# Khorne Lord Build



## Mr.Juggernaught (Nov 16, 2010)

I am starting a Khorne themed army and for my HQ I will be either using a daemon prince with wings and warptime or a chaos lord with mark of Khorne, Juggernaut and a daemon weapon.

Please tell what you think of this build and what i should change with him.


----------



## LukeValantine (Dec 2, 2008)

Just take lightning claws on the lord, its more dependable and on average you will get just as many kills as a average roll of 5-7 on the daemon weapon.


----------



## Deathscythe4722 (Jul 18, 2010)

I second the Lightning Claws. The re-rolls to wound will benefit you almost as much as the +2d6, without the risk of horribly killing yourself and being useless. Costs less too, which is always a plus.
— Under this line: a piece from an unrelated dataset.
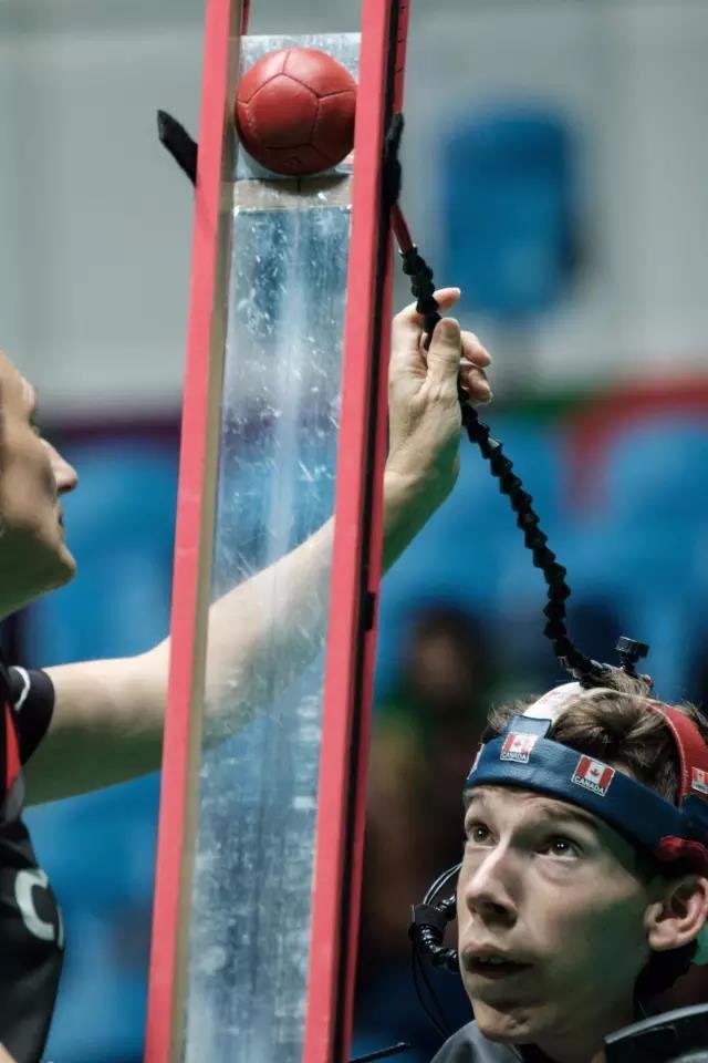 A Paralympian participates in the Boccia event at the Rio Paralympic Games. Boccia is practiced by people with cerebral palsy or related neurological conditions. Paralympic players wear an electronic device on their heads, which helps them judge the position of the target. A track is provided to help them throw the ball. For the players, the game is both a method of recovery and a spiritual reward.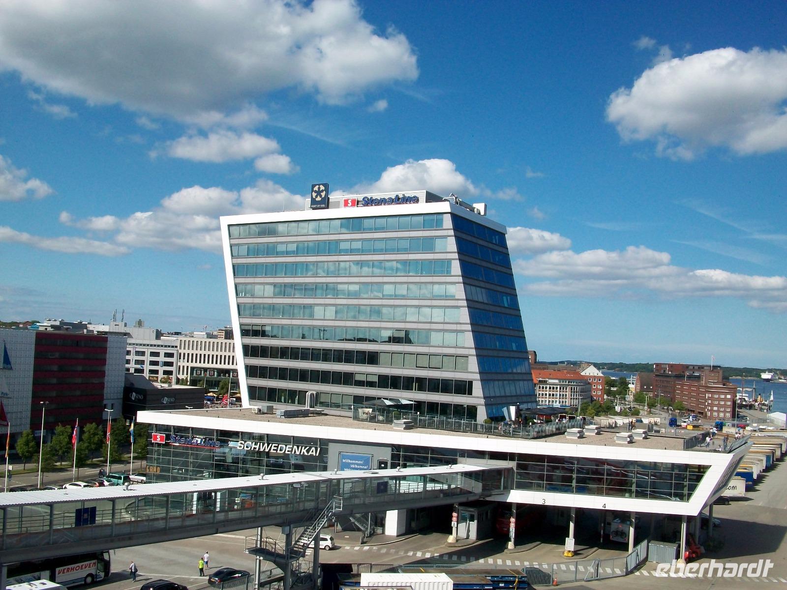 Wir gelangen von Dresden zum Leipziger Flughafen, hier können wir weitere Gäste Willkommen heißen um unsere Fahrt dann durch Brandenburg und Mecklenburg fortzusetzen. Wir sehen die weiten Felder mit dem reifenden Getreide, einige davon sind schon abgeerntet. Diese Anreise ist bei dem schönen Wetter nicht langweilig; vorbei an Bad Segeberg nähern wir uns langsam der Waterkant an, die Ostsee ist unser heutiges Ziel. Als wir dann im Stadtverkehr von Kiel anlangen, taucht bald ein großes Schiff vor unseren Augen auf, es ist die „Stena Scandinavica" die am Schwedenkai angelegt hat, sie wird uns über Nacht nach Göteborg bringen.

Also, i'd remove the Juggernaut. That prevents him from riding in transports, and footslogging Chaos Lords = dead Chaos Lords.


----------



## Mr.Juggernaught (Nov 16, 2010)

Yeah I have a lord with lightning claws already if it doesn't work too well. I guess I will just use him in big games with a hundred kids that just play vanilla space marines.


----------



## bishop5 (Jan 28, 2008)

Daemon Prince every time...


----------



## Wolf_Lord_Skoll (Jun 9, 2008)

bishop5 said:


> Daemon Prince every time...


Not with just a Mark of Khorne...

Better off being Unmarked with Warptime and call him Khorne.


----------



## LukeValantine (Dec 2, 2008)

Still in a fun game a Lord on Juggernaut running forward with a 20 man berzerker body guard would be a hell of a sight.


----------



## LordWaffles (Jan 15, 2008)

LukeValantine said:


> Still in a fun game a Lord on Juggernaut running forward with a 20 man berzerker body guard would be a hell of a sight.


Until a guard blood or wolf player hit the field and shits all over the nicely painted, very fluffy unit.

I hate this game sometimes.

I mean really the entire unit is all of three battle cannon shots away from oblivion, even the lord.


----------



## kharn-the-betrayer (Jul 16, 2010)

LukeValantine said:


> Still in a fun game a Lord on Juggernaut running forward with a 20 man berzerker body guard would be a hell of a sight.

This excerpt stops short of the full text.